Your assignment: Repeat exactly, and only, the lines of the entries below from the one with "Тип продуктаГидропневматические емкостные" through the one with "Для заливного из", both ends included.

Dataset entries:
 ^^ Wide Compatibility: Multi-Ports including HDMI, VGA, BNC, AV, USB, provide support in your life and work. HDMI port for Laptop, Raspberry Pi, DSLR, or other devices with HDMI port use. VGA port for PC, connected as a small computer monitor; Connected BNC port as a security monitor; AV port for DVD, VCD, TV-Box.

==

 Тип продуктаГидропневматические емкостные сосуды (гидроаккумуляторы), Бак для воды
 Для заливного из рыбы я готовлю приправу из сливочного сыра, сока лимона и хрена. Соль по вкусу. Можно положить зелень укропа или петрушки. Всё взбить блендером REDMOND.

Solution below:
 Тип продуктаГидропневматические емкостные сосуды (гидроаккумуляторы), Бак для воды
 Для заливного из рыбы я готовлю приправу из сливочного сыра, сока лимона и хрена. Соль по вкусу. Можно положить зелень укропа или петрушки. Всё взбить блендером REDMOND.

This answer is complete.